What the task asks | Repeat only the lines below from the one containing "de photos portées." through the one containing "Fillable Online STATE", inclusive, exactly as written.

Exercise data |
******************************

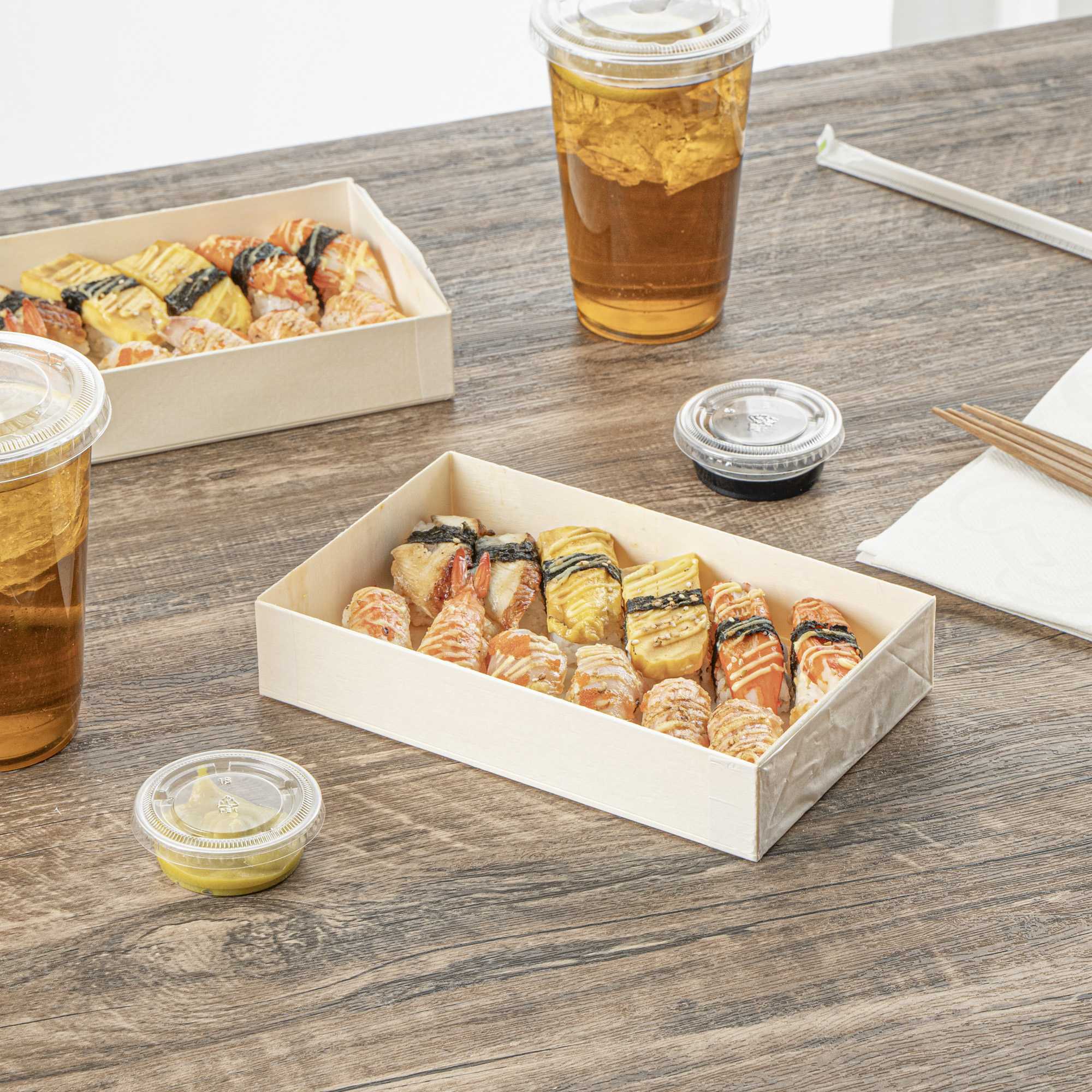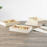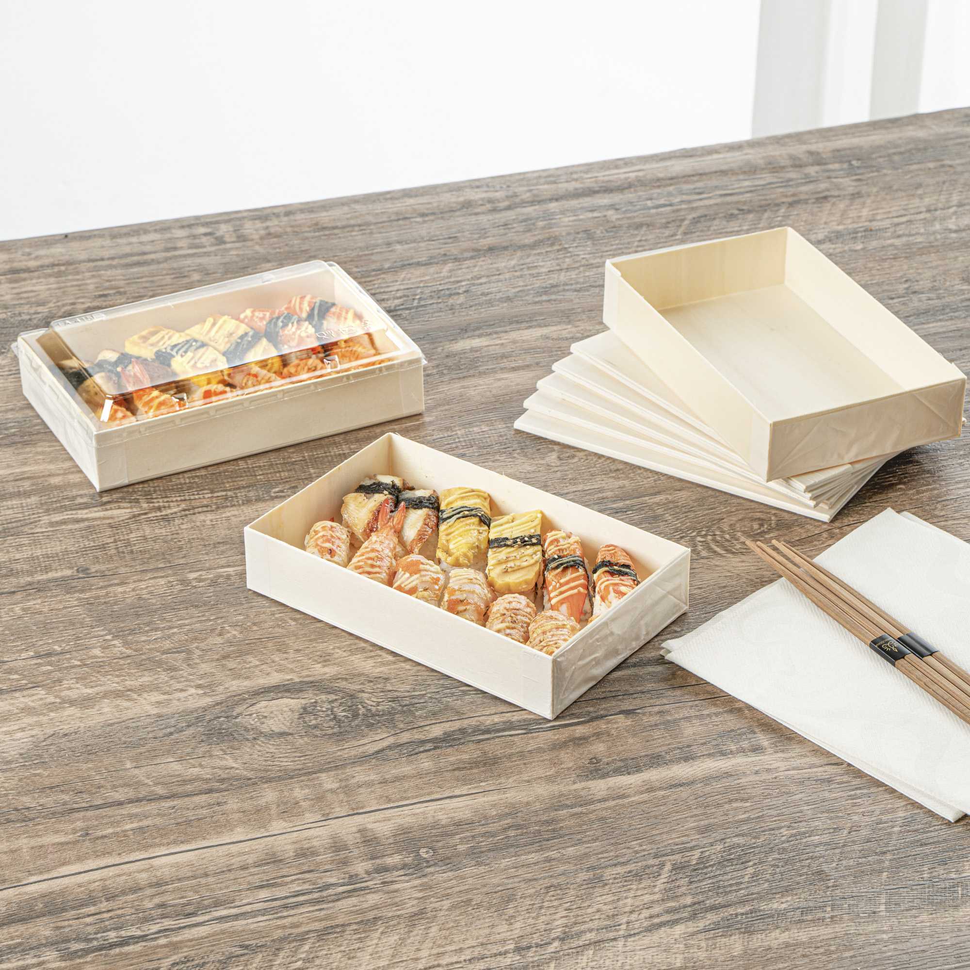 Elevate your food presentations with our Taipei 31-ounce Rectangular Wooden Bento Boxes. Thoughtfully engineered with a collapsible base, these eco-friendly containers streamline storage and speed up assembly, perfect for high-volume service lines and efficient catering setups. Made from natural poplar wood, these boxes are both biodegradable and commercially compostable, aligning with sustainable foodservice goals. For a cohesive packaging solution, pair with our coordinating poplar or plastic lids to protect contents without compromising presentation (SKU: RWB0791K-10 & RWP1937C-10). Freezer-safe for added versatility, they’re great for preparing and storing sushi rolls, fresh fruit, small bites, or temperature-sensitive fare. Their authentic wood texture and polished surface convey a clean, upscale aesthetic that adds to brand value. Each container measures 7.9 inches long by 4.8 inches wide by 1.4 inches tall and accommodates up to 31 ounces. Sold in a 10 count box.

******************************

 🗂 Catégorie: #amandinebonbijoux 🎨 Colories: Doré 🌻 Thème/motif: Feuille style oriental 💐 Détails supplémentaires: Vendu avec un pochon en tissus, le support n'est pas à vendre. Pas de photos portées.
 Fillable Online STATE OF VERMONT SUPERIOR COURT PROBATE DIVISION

******************************

Task solution |
 🗂 Catégorie: #amandinebonbijoux 🎨 Colories: Doré 🌻 Thème/motif: Feuille style oriental 💐 Détails supplémentaires: Vendu avec un pochon en tissus, le support n'est pas à vendre. Pas de photos portées.
 Fillable Online STATE OF VERMONT SUPERIOR COURT PROBATE DIVISION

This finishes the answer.